> **BRIEF**
The answer is all of the entries below, repeated exactly and free of pictures.

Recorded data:
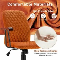 COSTWAY Velvet Office Chair, Ergonomic Swivel Computer Desk Chair With Rubber Wood Armrests, Adjustable Rolling Rocking Executive Task Chairs Tufted Leisure Seat For Home Office Bedroom (Orange)
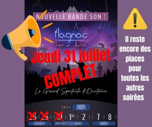 La soirée du 31 juillet affiche COMPLET ! il reste des places pour toutes les autres soirées
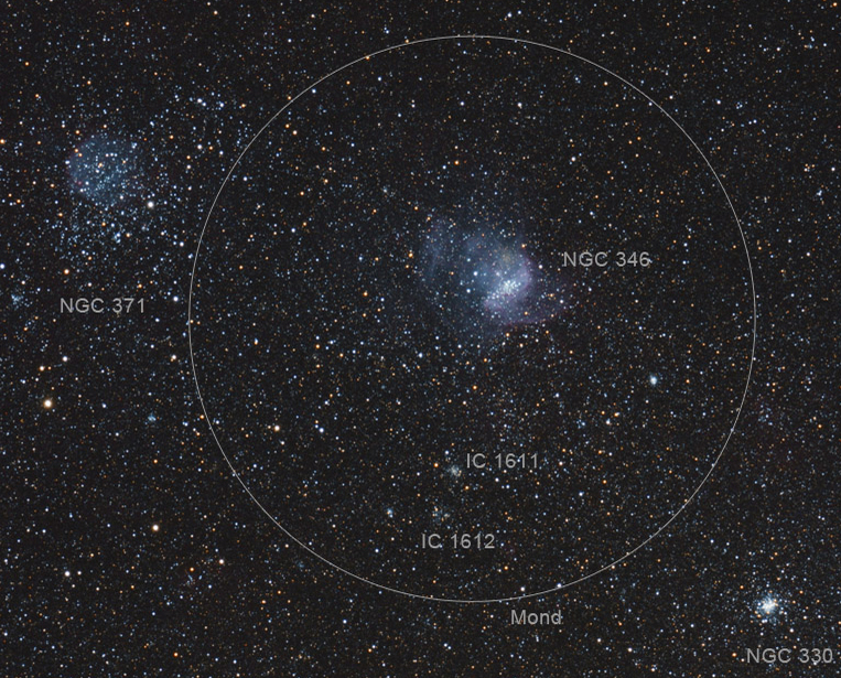 Der Gasnebel NGC 346 in der Bildmitte ist mit einem
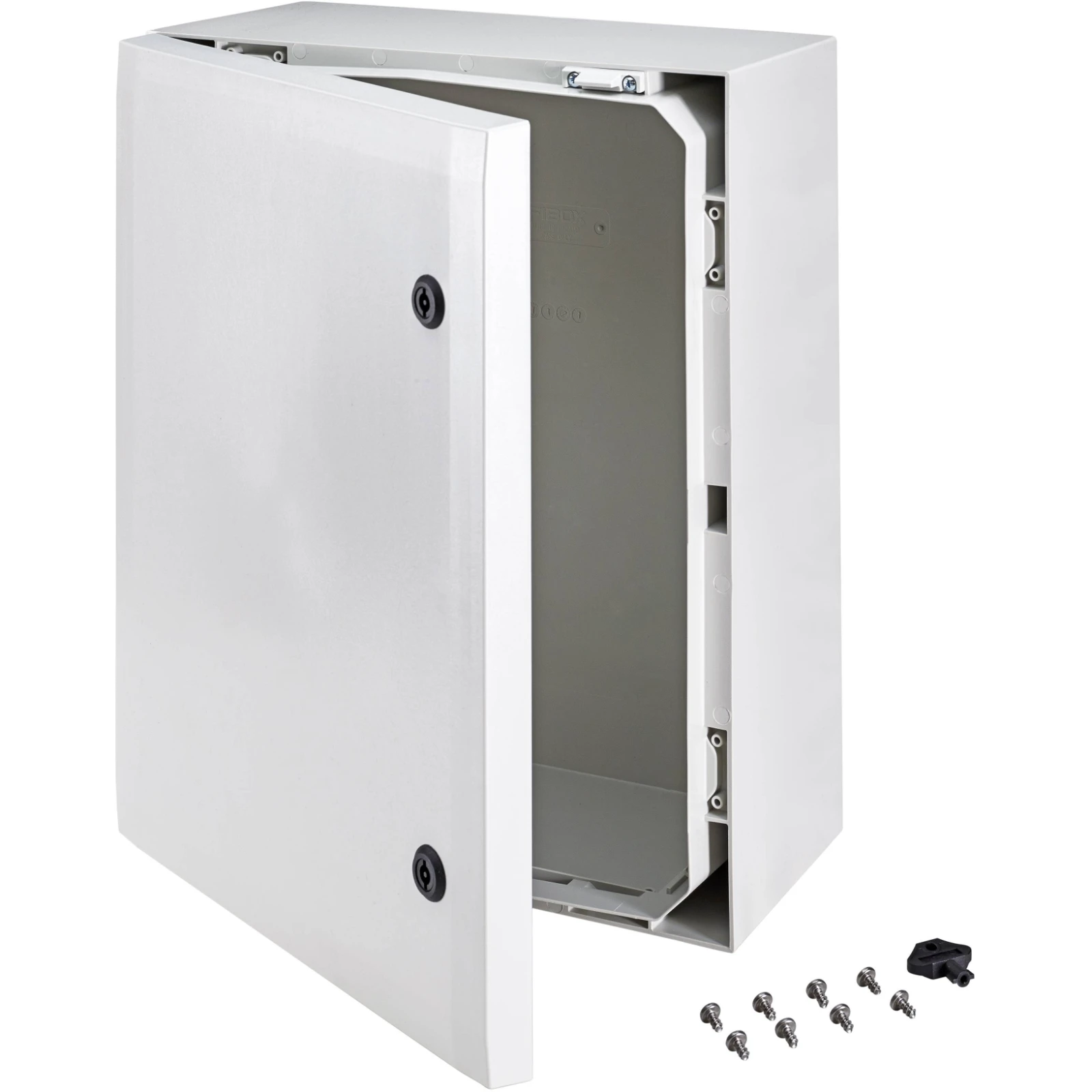 ARCA 504021 Wall Boxes Cabinet, PC Grey cover, 2-point locking, hinges on the long side · · · Polycarbonate Cabinet with hinged door · · IP66 · · Include Mounting Plate · · Hinged · · Lockable with Double Bit Key · · wall mounting · · IP66 · · IK10 · · Corrosion Free · · Flame Resistance: V0 UL94
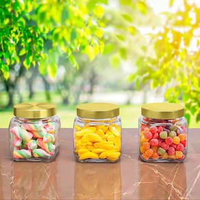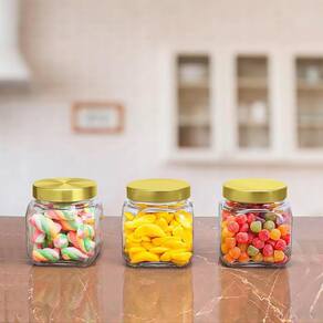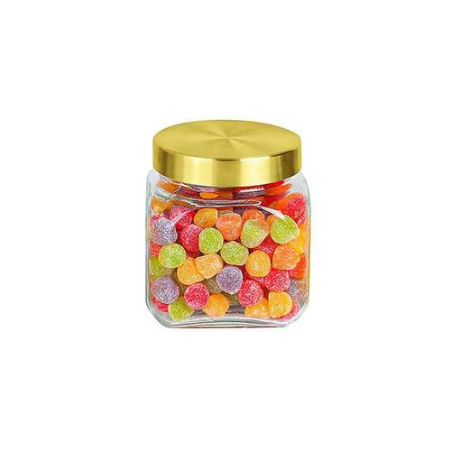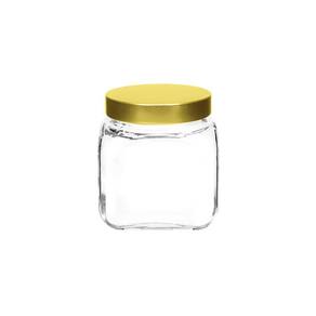 Pote de Vidro Quadrado com Tampa Dourada 700mL - Casambiente
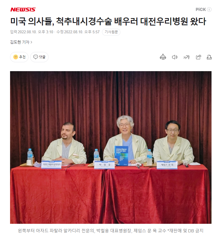 [NEWSIS] ¹Ì±¹ ÀÇ»çµé, ôÃß³»½Ã°æ¼ö¼ú ¹è¿ì·¯ ´ëÀü¿ì¸®º´¿ø ¿Ô´Ù
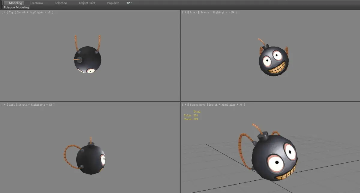 cartoon funny backpack - smiley bomb Low-poly 3D model
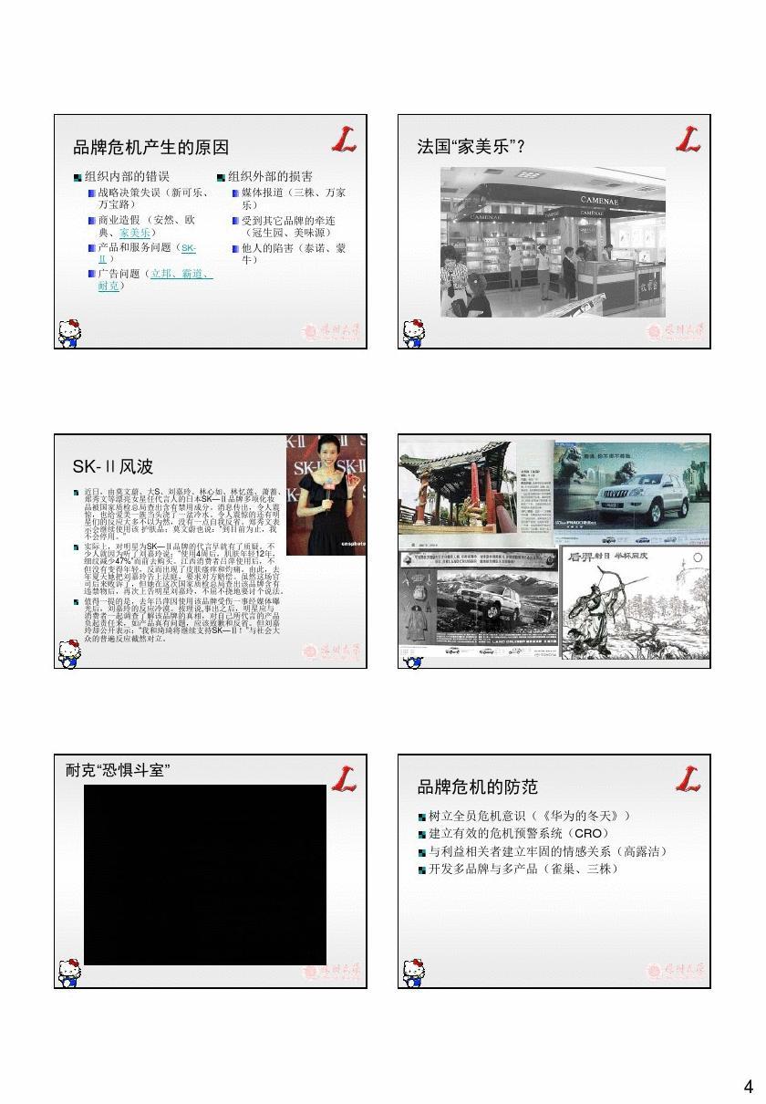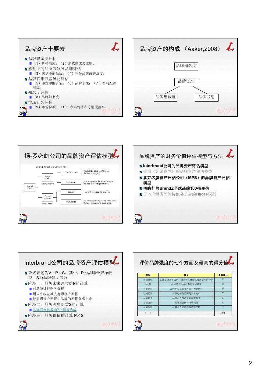 第8章 品牌資產(chǎn)評(píng)估與保護(hù)n品牌資產(chǎn)的定義 品牌價(jià)值鏈 品牌資產(chǎn)評(píng)估模型與方法 品牌危機(jī)產(chǎn)生的原因 品牌危機(jī)的防范 品牌危機(jī)管理的原則 品牌危機(jī)公關(guān) 品牌侵權(quán)、搶注與保護(hù)nn品牌資產(chǎn)的概念背景n20世紀(jì)80年代末起,品牌資產(chǎn)受到廣泛關(guān)注 美國(guó)廣告學(xué)者威廉·韋爾斯(William D. Wells)針 對(duì)當(dāng)前品牌資產(chǎn)研究領(lǐng)域的這種現(xiàn)象明確指出: “對(duì)品牌資產(chǎn)的研究好似盲人摸象,不同的人出于 不同的目的和受個(gè)人背景的局限,賦予其不同的 含義及采用不同的評(píng)估方法?!?品牌資產(chǎn)的英文表述目前有Brand Equity、Brand Asset、Brand Value等,中文翻譯有“品牌資產(chǎn)”、 “品牌權(quán)益”、“品牌價(jià)值”、“品牌產(chǎn)權(quán)”等不一。本 書采用Brand Equity以及“品牌資產(chǎn)”的中文譯名nn品牌資產(chǎn)的定義n產(chǎn)出視角的品牌資產(chǎn)定義(財(cái)務(wù)視角)nShocker & Weitz(1988)指出,品牌資產(chǎn)是有品牌產(chǎn)品與無(wú)品牌產(chǎn)品之間 的現(xiàn)金流量差額; Mullen & Mainz(1989)認(rèn)為,品牌資產(chǎn)是高于一般競(jìng)爭(zhēng)者價(jià)格的附加值。 芝加哥大學(xué)的西蒙(Simon)和沙利文(Sullivan)根據(jù)公司未來現(xiàn)金流 量折現(xiàn)的遞增量定義品牌資產(chǎn)nn品牌價(jià)值鏈(Brand Value Chain,Keller,2003)n價(jià)值階段nn營(yíng)銷活動(dòng)投入nn顧客心智nn市場(chǎng)業(yè)績(jī)nn股東價(jià)值nn來源視角的品牌資產(chǎn)定義(消費(fèi)者視角)nKeller(1993)從消費(fèi)者的角度來定義,認(rèn)為品牌資產(chǎn)是品牌通過營(yíng)銷傳播 而使消費(fèi)者在品牌知識(shí)上反映出來的差異化效應(yīng)。nn綜合視角的品牌資產(chǎn)定義(綜合視角)nPeter Farquhar認(rèn)為,品牌資產(chǎn)是品牌給產(chǎn)品帶來的超越其使用價(jià)值的附 加價(jià)值或附加利益 Aaker(1991)認(rèn)為,品牌資產(chǎn)是一組與一個(gè)品牌的名字及符號(hào)相關(guān)的資產(chǎn) 和負(fù)債,它能增加或扣減某產(chǎn)品或服務(wù)所帶給該企業(yè)或顧客的價(jià)值; Srivastava(1991)認(rèn)為品牌資產(chǎn)包括品牌強(qiáng)度和品牌價(jià)值。 MSI(1988)認(rèn)為,品牌資產(chǎn)是品牌的客戶、配銷商、和公司本部各方面的 聯(lián)想與行為的集合,它容許品牌的使用比不用品牌時(shí),贏得更多的銷售 量和更大的邊際利潤(rùn),它給予品牌一個(gè)強(qiáng)烈的、可持續(xù)的、以及差異化 的優(yōu)勢(shì)以壓制競(jìng)爭(zhēng)者。nn營(yíng)銷質(zhì)量nn市場(chǎng)條件nn投資效益nn品牌資產(chǎn)的指標(biāo)分值評(píng)估模型與方法n阿克的品牌資產(chǎn)五星模型及十要素評(píng)估法 凱勒的基于顧客的品牌資產(chǎn)金字塔模型 艾略特和佩西的品牌資產(chǎn)合成模型 揚(yáng)-羅必凱公司的品牌資產(chǎn)評(píng)估模型 國(guó)際市場(chǎng)研究公司的品牌資產(chǎn)引擎模型 全方位研究公司的品牌資產(chǎn)趨勢(shì)法 奧美的品牌資產(chǎn)組合模型nn品牌資產(chǎn)五星模型(David Aaker)n品牌忠誠(chéng)度 Brand Loyaltynn其他資產(chǎn) Other Assetsnn品牌知名度 Brand Awarenessnn品牌資產(chǎn)nn品牌聯(lián)想 Brand Associationnn感知質(zhì)量 Perceived Qualitynn1nn

> **ANSWER SPACE**
 COSTWAY Velvet Office Chair, Ergonomic Swivel Computer Desk Chair With Rubber Wood Armrests, Adjustable Rolling Rocking Executive Task Chairs Tufted Leisure Seat For Home Office Bedroom (Orange)
 La soirée du 31 juillet affiche COMPLET ! il reste des places pour toutes les autres soirées
 Der Gasnebel NGC 346 in der Bildmitte ist mit einem
 ARCA 504021 Wall Boxes Cabinet, PC Grey cover, 2-point locking, hinges on the long side · · · Polycarbonate Cabinet with hinged door · · IP66 · · Include Mounting Plate · · Hinged · · Lockable with Double Bit Key · · wall mounting · · IP66 · · IK10 · · Corrosion Free · · Flame Resistance: V0 UL94
 Pote de Vidro Quadrado com Tampa Dourada 700mL - Casambiente
 [NEWSIS] ¹Ì±¹ ÀÇ»çµé, ôÃß³»½Ã°æ¼ö¼ú ¹è¿ì·¯ ´ëÀü¿ì¸®º´¿ø ¿Ô´Ù
 cartoon funny backpack - smiley bomb Low-poly 3D model
 第8章 品牌資產(chǎn)評(píng)估與保護(hù)n品牌資產(chǎn)的定義 品牌價(jià)值鏈 品牌資產(chǎn)評(píng)估模型與方法 品牌危機(jī)產(chǎn)生的原因 品牌危機(jī)的防范 品牌危機(jī)管理的原則 品牌危機(jī)公關(guān) 品牌侵權(quán)、搶注與保護(hù)nn品牌資產(chǎn)的概念背景n20世紀(jì)80年代末起,品牌資產(chǎn)受到廣泛關(guān)注 美國(guó)廣告學(xué)者威廉·韋爾斯(William D. Wells)針 對(duì)當(dāng)前品牌資產(chǎn)研究領(lǐng)域的這種現(xiàn)象明確指出: “對(duì)品牌資產(chǎn)的研究好似盲人摸象,不同的人出于 不同的目的和受個(gè)人背景的局限,賦予其不同的 含義及采用不同的評(píng)估方法?!?品牌資產(chǎn)的英文表述目前有Brand Equity、Brand Asset、Brand Value等,中文翻譯有“品牌資產(chǎn)”、 “品牌權(quán)益”、“品牌價(jià)值”、“品牌產(chǎn)權(quán)”等不一。本 書采用Brand Equity以及“品牌資產(chǎn)”的中文譯名nn品牌資產(chǎn)的定義n產(chǎn)出視角的品牌資產(chǎn)定義(財(cái)務(wù)視角)nShocker & Weitz(1988)指出,品牌資產(chǎn)是有品牌產(chǎn)品與無(wú)品牌產(chǎn)品之間 的現(xiàn)金流量差額; Mullen & Mainz(1989)認(rèn)為,品牌資產(chǎn)是高于一般競(jìng)爭(zhēng)者價(jià)格的附加值。 芝加哥大學(xué)的西蒙(Simon)和沙利文(Sullivan)根據(jù)公司未來現(xiàn)金流 量折現(xiàn)的遞增量定義品牌資產(chǎn)nn品牌價(jià)值鏈(Brand Value Chain,Keller,2003)n價(jià)值階段nn營(yíng)銷活動(dòng)投入nn顧客心智nn市場(chǎng)業(yè)績(jī)nn股東價(jià)值nn來源視角的品牌資產(chǎn)定義(消費(fèi)者視角)nKeller(1993)從消費(fèi)者的角度來定義,認(rèn)為品牌資產(chǎn)是品牌通過營(yíng)銷傳播 而使消費(fèi)者在品牌知識(shí)上反映出來的差異化效應(yīng)。nn綜合視角的品牌資產(chǎn)定義(綜合視角)nPeter Farquhar認(rèn)為,品牌資產(chǎn)是品牌給產(chǎn)品帶來的超越其使用價(jià)值的附 加價(jià)值或附加利益 Aaker(1991)認(rèn)為,品牌資產(chǎn)是一組與一個(gè)品牌的名字及符號(hào)相關(guān)的資產(chǎn) 和負(fù)債,它能增加或扣減某產(chǎn)品或服務(wù)所帶給該企業(yè)或顧客的價(jià)值; Srivastava(1991)認(rèn)為品牌資產(chǎn)包括品牌強(qiáng)度和品牌價(jià)值。 MSI(1988)認(rèn)為,品牌資產(chǎn)是品牌的客戶、配銷商、和公司本部各方面的 聯(lián)想與行為的集合,它容許品牌的使用比不用品牌時(shí),贏得更多的銷售 量和更大的邊際利潤(rùn),它給予品牌一個(gè)強(qiáng)烈的、可持續(xù)的、以及差異化 的優(yōu)勢(shì)以壓制競(jìng)爭(zhēng)者。nn營(yíng)銷質(zhì)量nn市場(chǎng)條件nn投資效益nn品牌資產(chǎn)的指標(biāo)分值評(píng)估模型與方法n阿克的品牌資產(chǎn)五星模型及十要素評(píng)估法 凱勒的基于顧客的品牌資產(chǎn)金字塔模型 艾略特和佩西的品牌資產(chǎn)合成模型 揚(yáng)-羅必凱公司的品牌資產(chǎn)評(píng)估模型 國(guó)際市場(chǎng)研究公司的品牌資產(chǎn)引擎模型 全方位研究公司的品牌資產(chǎn)趨勢(shì)法 奧美的品牌資產(chǎn)組合模型nn品牌資產(chǎn)五星模型(David Aaker)n品牌忠誠(chéng)度 Brand Loyaltynn其他資產(chǎn) Other Assetsnn品牌知名度 Brand Awarenessnn品牌資產(chǎn)nn品牌聯(lián)想 Brand Associationnn感知質(zhì)量 Perceived Qualitynn1nn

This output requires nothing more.